MRSA biasanya ditemukan di faring dan hidung, dan bisanya tidak menimbulkan
penyakit pada host. Namun jika organisme tersebut masuk melalui luka yang terbuka atau
sayatan karena operasi, dapat menimbulkan infeksi yang berat pada seluruh tubuh. MRSA
pada mulanya mengenai kulit dan jaringan lunak, namun dengan cepat dapat
menimbulkan sepsis dan atau pneumonia yang dapat menimbulkan kematian. Pasien
dapat menunjukkan tanda-tanda pada kulit sebagai berikut : merah, bengkak, sakit, hangat
bila dipegang, terdapat pus, disertai demam.

B. Penyebab
Staphylococcus aureus (S. aureus) adalah bakteri yang dapat ditemukan di dalam
hidung dan permukaan kulit orang yang sehat. Bakteri ini kadang dapat menyebabkan
penyakit seperti infeksi pada kulit, luka, saluran kencing, paru-paru, aliran darah dan
keracunan makanan (Shah, 2011). Sebagian besar infeksi S. aureus dapat diobati dengan
antibiotik. Namun, infeksi Staphylococcus aureus resisten metisilin (MRSA) kebal
terhadap antibiotik yang mengandung metisilin dan beberapa antibiotik lainnya. Selain
itu, organisme ini telah disebut bakteri pemakan daging karena penyebaran cepat
sesekali mereka dan penghancuran kulit manusia.

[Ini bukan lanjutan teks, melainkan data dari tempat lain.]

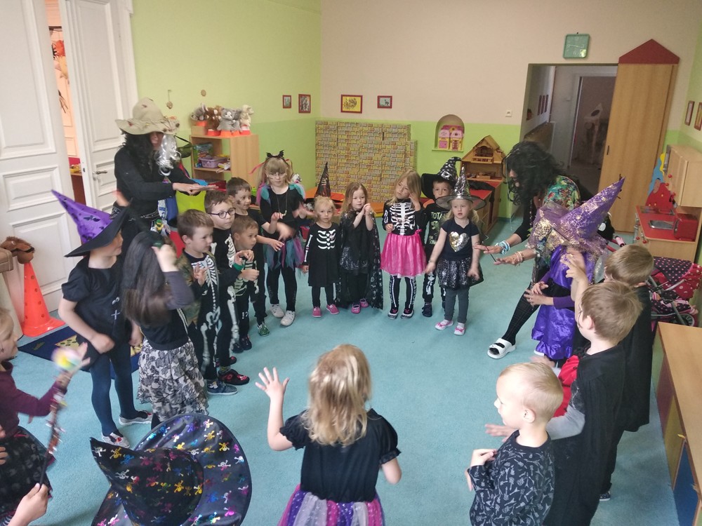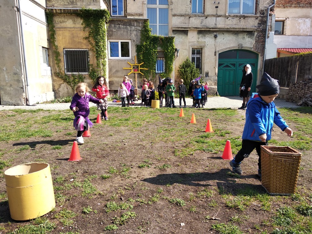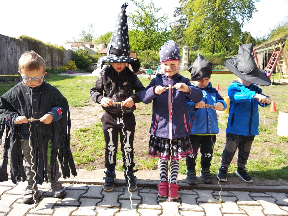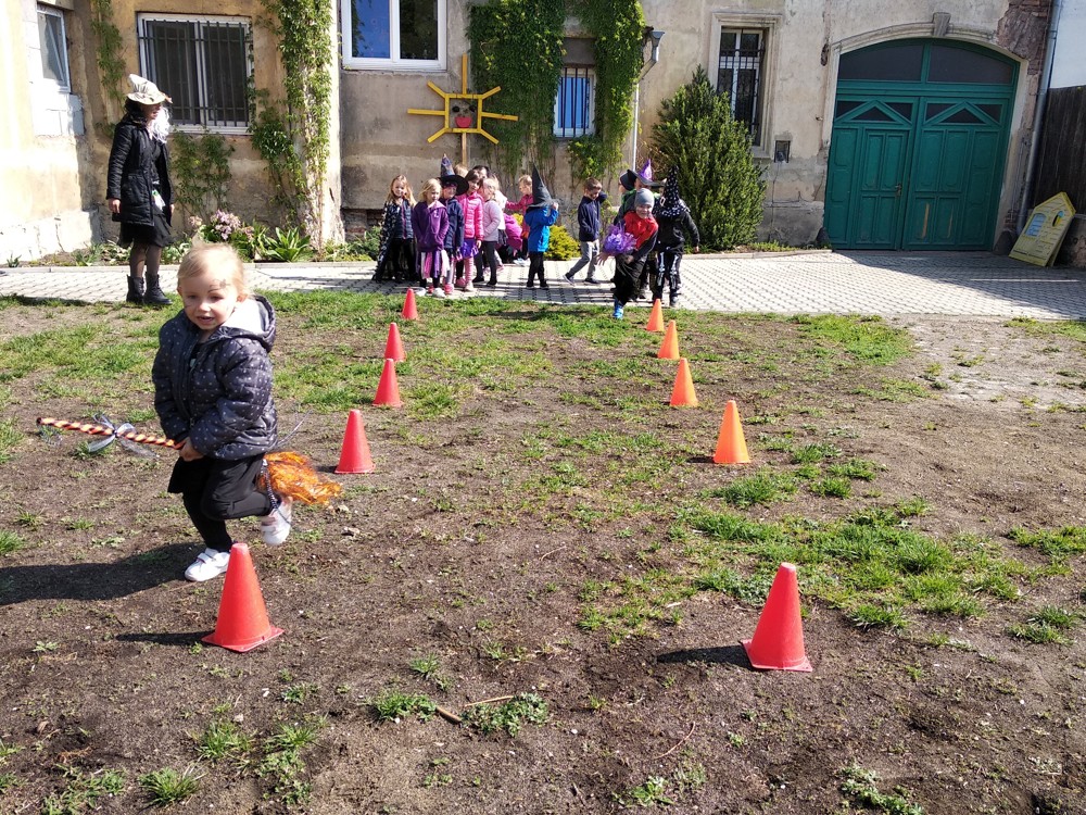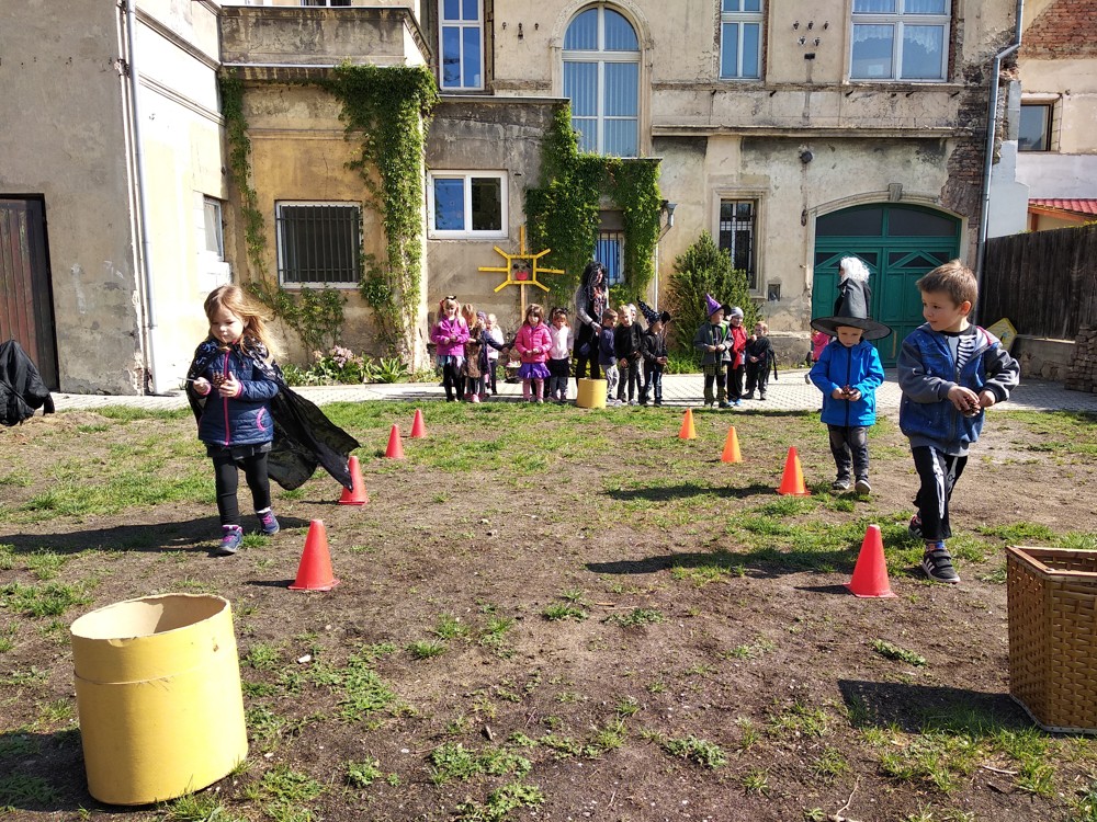 Do školky od rána přilétaly samé čarodějnice a celé dopoledne tam vařily kouzelné lektvary, tančily, zpívaly čarodějnické písně a na školní zahradě poměřovaly své síly v různých disciplínách.
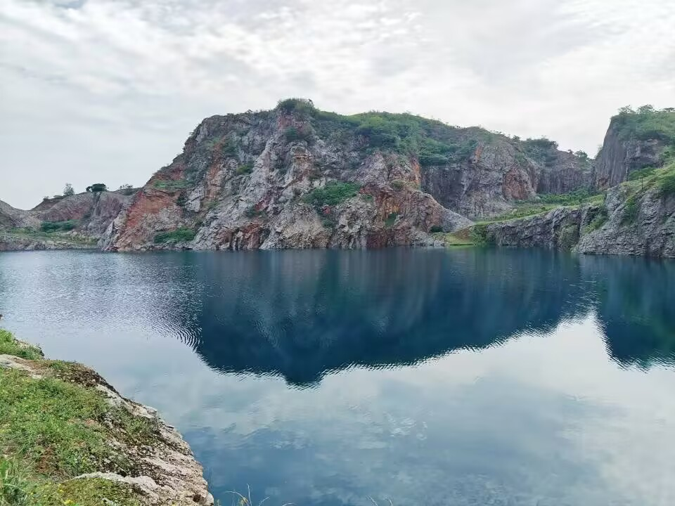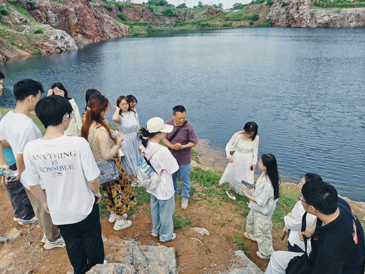 地理科学专业教师杨立辉首先向学生讲解该湖的历史背景:“此处原为白马山石灰岩矿坑,矿场关停后经自然修复形成湖泊。此前公众对湖水颜色存在疑虑,质疑湖水颜色可能与重金属污染有关。但经专业机构检测证实水质安全,只是硬度偏高。”
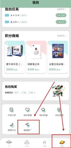 1、首先打开app进入【我的】界面,找到最下方的【邀请推广】并进入;
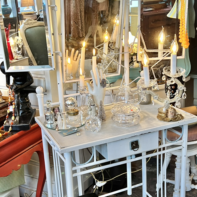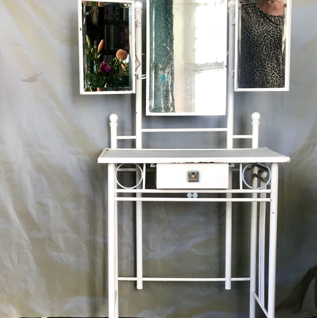 verstellbare Spiegel , Alles im shabby chique style, Metall und die Arbeitsplatte hat eine Stoffauflage. #Makeupdresser
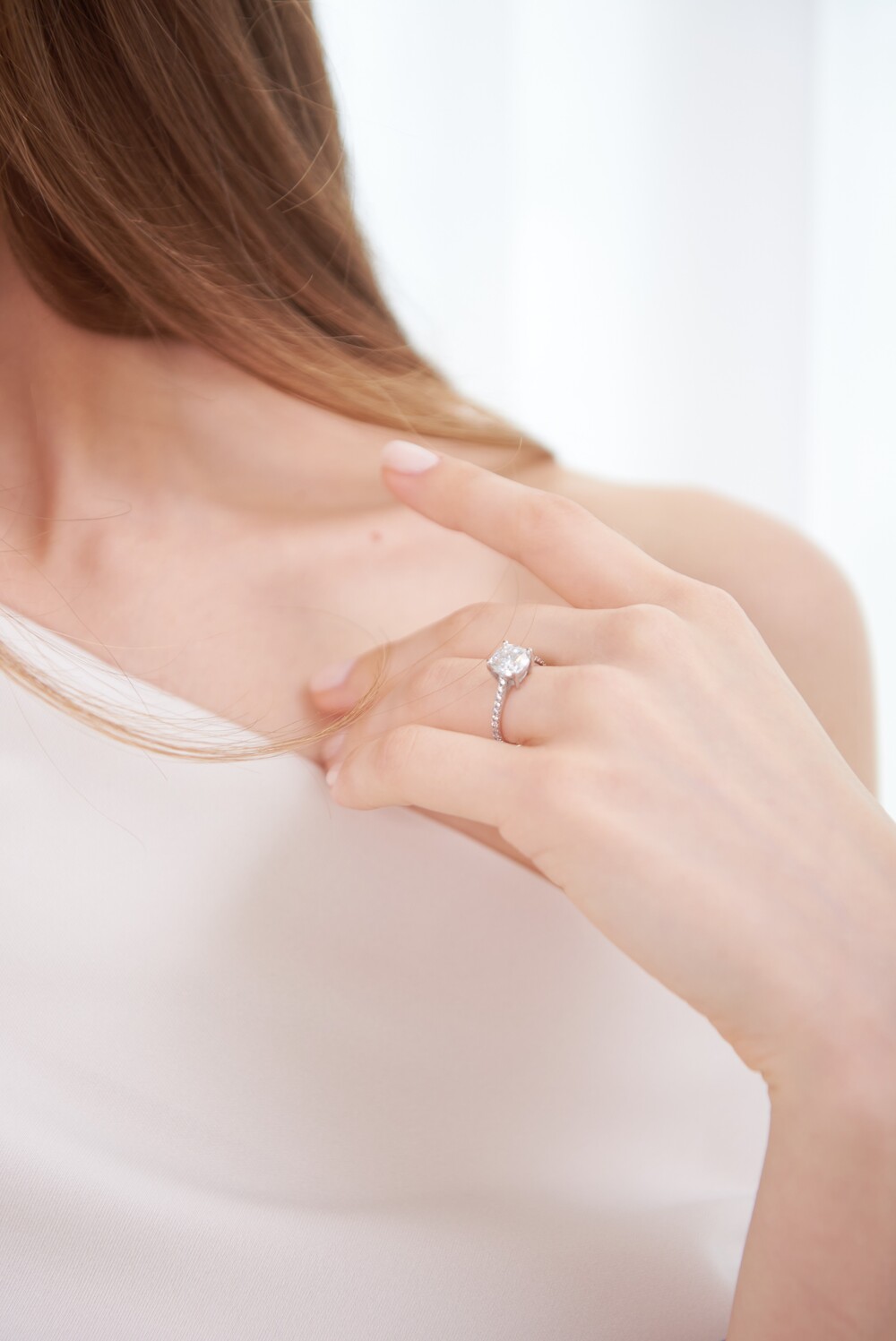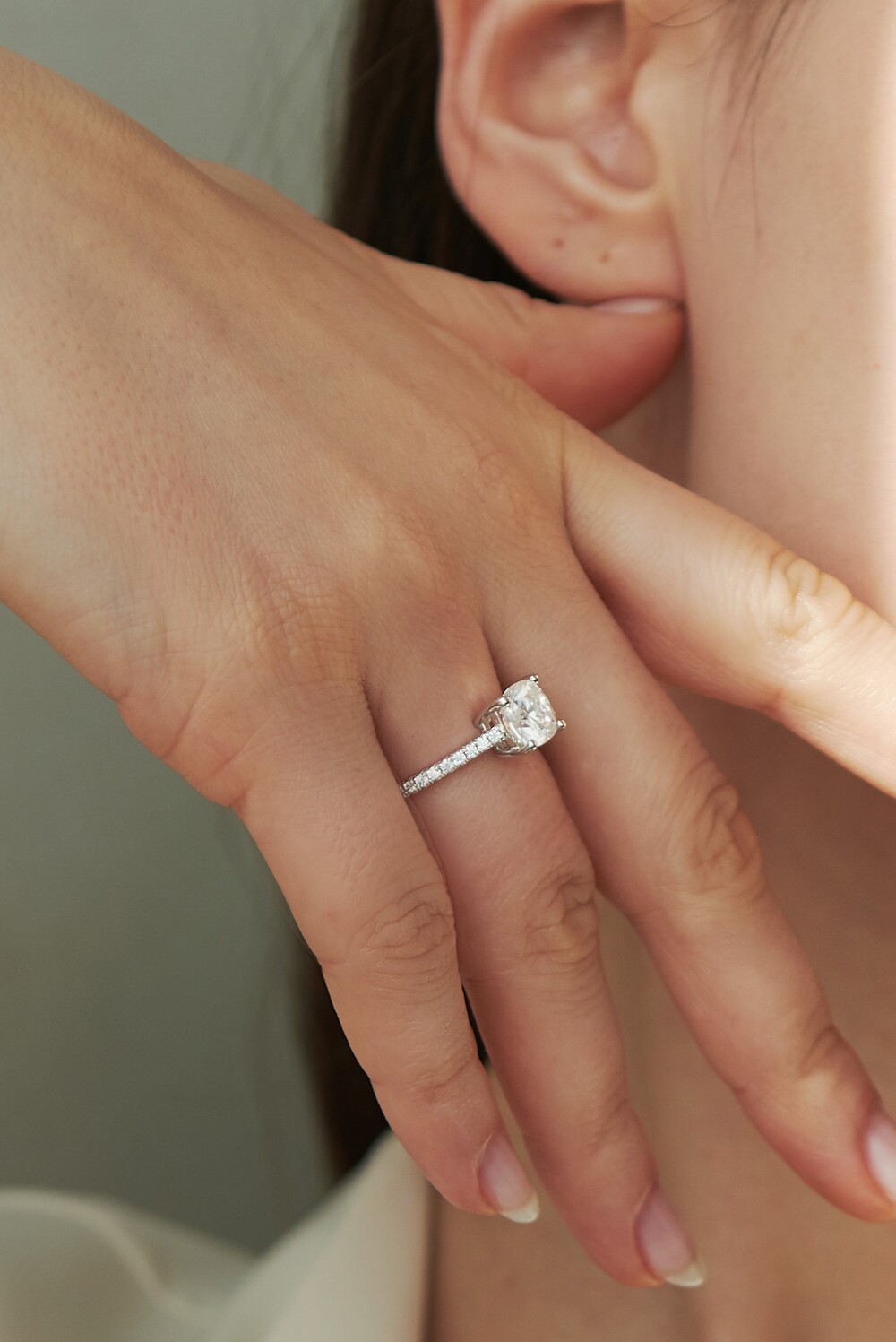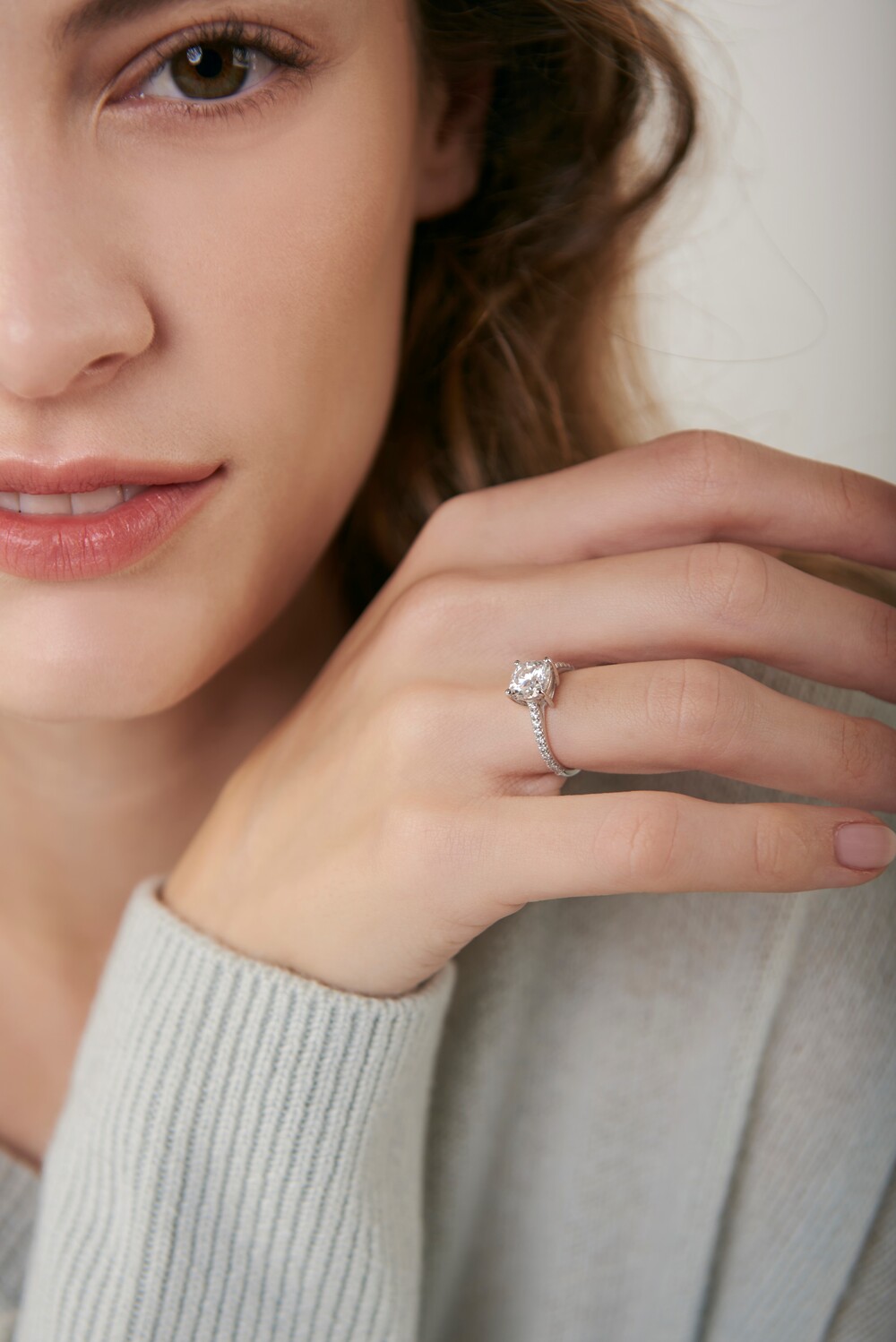 쿠션컷은 최근 헐리우드에서 각광받는 컷으로, 스퀘어와 라운드 중간의 볼륨감 있고 세련된 무드가 특징입니다. 사이드에도 멜리 모이사나이트를 사용해 피부가 더욱 밝고 환하게 연출되는 것은 물론, 편안한 착용감을 자랑하는 밴드 디자인으로 일상에서도 활용도가 높습니다. 뻔하지 않은 쉐입과 미니멀한 디자인으로 클래식한 무드는 그대로 가져가면서도 차별화되는 아름다움을 경험해 보세요.
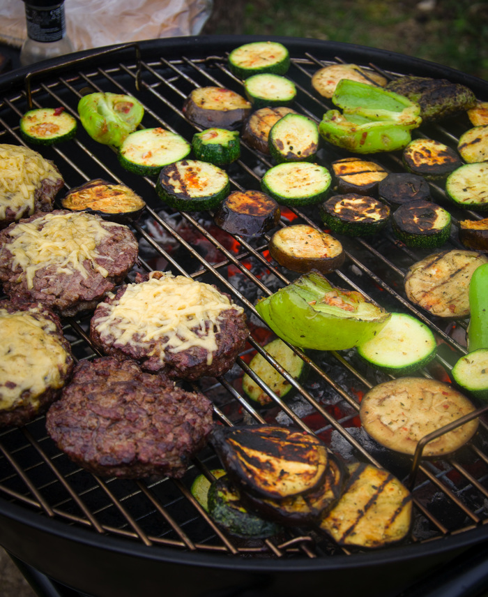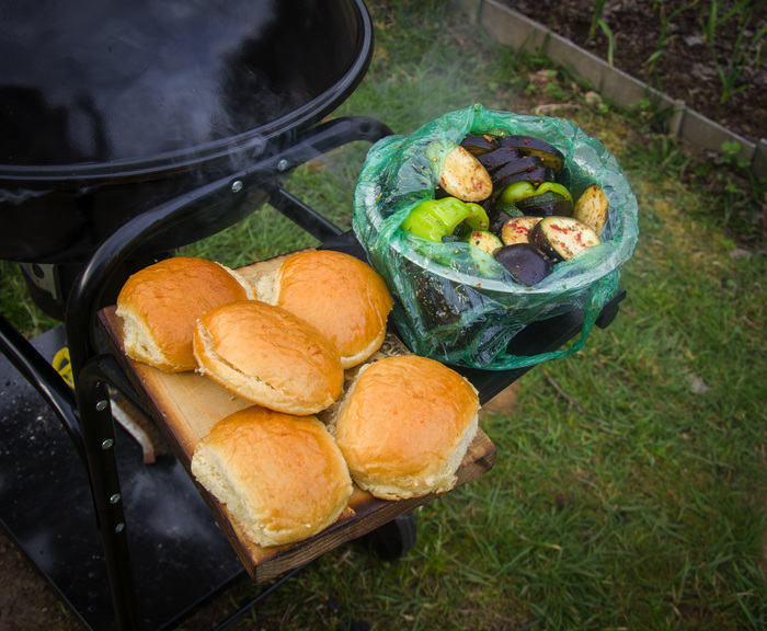 5) Котлеты сдвигаем в сторону непрямого жара и выкладываем овощи на гриль. Я обычно кладу в 2 раза больше чем надо, потому что постоянно роняю овощи в угли. По этой же причине играю на гитаре без медиатора. Овощи также жарим по паре минут под крышкой. Заслонки все открыты.

C. Cara Penularan dan Penyebaran
Umumnya infeksi MRSA terjadi pada orang yang pernah dirawat di rumah sakit,
tinggal di rumah perawatan kesehatan atau pernah mendapatkan perawatan kesehatan
seperti di pusat dialisis. MRSA dapat menyebar pada orang lain melalui berbagai cara.
Orang bisa membawa melalui hidung, kulit, tanpa menujukkan gejala sakit disebut
kolonisasi. MRSA bisa juga menyebabkan infeksi seperti bisul, infeksi luka dan
pneumonia.
Secara umum, orang sehat tanpa luka, lecet, atau istirahat di kulit mereka beresiko
rendah untuk terinfeksi. Namun, bakteri dapat ditularkan dari orang ke orang melalui
kontak langsung dengan kulit yang terinfeksi, kulit yang terbuka karena luka atau
pemasangan kateter, lendir, kotoran, atau tetesan disebarkan oleh batuk pada orang
dewasa dan anak-anak. Kontak tidak langsung juga dapat menyebarkan bakteri, misalnya,
bersentuhan dengan benda yang kotor, kurang menjaga kebersihan pribadi, menyentuh
barang-barang seperti handuk, peralatan, pakaian, atau benda lain yang telah kontak
dengan orang yang terinfeksi dapat menyebarkan bakteri untuk individu yang tidak
terinfeksi lainnya.
Sebuah penelitian pernah memperkirakan bahwa sekitar satu dari setiap 100 orang
di AS dijajah dengan MRSA (memiliki organisme dalam atau pada tubuh mereka, tetapi
tidak menyebabkan infeksi), dan orang-orang dapat mengirimkan bakteri MRSA kepada
orang lain dengan metode yang sama yang tercantum di atas. Istilah lain untuk orang
dengan koloni MRSA adalah pembawa yang berarti orang tersebut membawa
organisme di dalam atau pada tubuh dan dapat mentransfer organisme untuk orang lain
yang selanjutnya dapat menjadi terinfeksi. Tempat umum bagi operator untuk organisme
MRSA pelabuhan adalah hidung.

D. Tanda-tanda Klinis
MRSA sama seperti bakteri Staphylococcus lainnya, yang terlihat seperti infeksi
pada kulit dan jaringan lunak seperti, jerawat, abses, ruam, bisul atau gigitan laba-laba.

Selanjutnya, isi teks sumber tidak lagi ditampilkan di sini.